Proyección estereográfica: elección de los ejes cristalográficos

How to Choose Crystallographic Axes

Identifying Symmetry Elements in Polyhedra

• The process begins with identifying all symmetry elements present in the polyhedron, which is crucial for stereographic projection.

• It is essential to determine if the polyhedron has symmetry planes and their geometric relationships, including angles between them.

• The combinations of symmetry elements are limited and correspond to one of the 32 point groups of symmetry.

Classifying Polyhedra into Crystal Systems

• Once all symmetry elements are identified, the polyhedron can be classified within one of the seven crystal systems.

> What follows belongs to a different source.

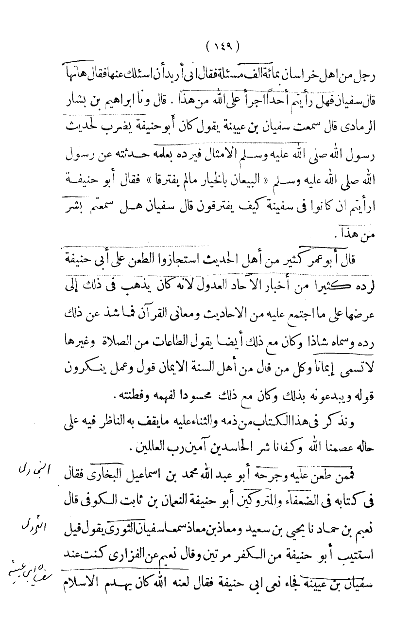 رجل من أهل خُرَاسَان بِمِائَة الف مسئلة فَقَالَ انى أُرِيد أَن أسئلك عَنْهَا فَقَالَ هَاتِهَا قَالَ سَمِعت سُفْيَانُ فَهَلْ رَأَيْتُمْ أَحَدًا أَجْرَأَ عَلَى اللَّهِ مِنْ هَذَا قَالَ وَنا إِبْرَاهِيمُ بْنُ بَشَّارٍ الرَّمَادِيُّ قَالَ سَمِعْتُ سُفْيَانَ بْنَ عُيَيْنَةَ يَقُولُ كَانَ أَبُو حَنِيفَةَ يَضْرِبُ لِحَدِيثِ رَسُولِ اللَّهِ صلى الله عَلَيْهِ وَسلم الأَمْثَالَ فَيَرُدُّهُ بِعِلْمِهِ حَدَّثْتُهُ عَنْ رَسُولِ اللَّهِ صلى الله عَلَيْهِ وَسلم (الْبَيِّعَانِ بِالْخِيَارِ مَا لَمْ يَفْتَرِقَا) فَقَالَ أَبُو حَنِيفَةَ أَرَأَيْتُمْ إِنْ كَانُوا فِي سَفِينَةٍ كَيْفَ يَفْتَرِقُونَ قَالَ سُفْيَانُ هَلْ سَمِعْتُمْ بِشَرٍّ مِنْ هَذَا

• For example, in the orthorhombic system, there are only three point groups; group 222 features three binary axes at right angles without any symmetry planes.

Choosing Crystallographic Axes

• The largest binary axis is designated as axis c, while the smallest becomes axis a. This standardization ensures uniformity during practical exercises.

• If a polyhedron has three mutually perpendicular symmetry planes and corresponding binary axes, it belongs to point group 2/m2/m2/m.

Characteristics of Different Crystal Systems

• Cubic system crystals (group 2/m-3) also have three perpendicular symmetry planes but include four ternary inversion axes and tend to exhibit equidimensional habits.

• In contrast, rhombohedral crystals typically appear tabular or prismatic due to their structural characteristics.

Summary of Stereographic Projection Mechanics

• When encountering two perpendicular symmetry planes with a single binary axis where they intersect, classify it under point group 2mm.

• For group 2mm polyhedra, assign crystallographic axis c along the binary axis and choose axes a and b based on directions perpendicular to the symmetry planes.

Steps for Stereographic Projection

• The procedure involves first identifying all present symmetry elements followed by determining the corresponding point group and crystal system.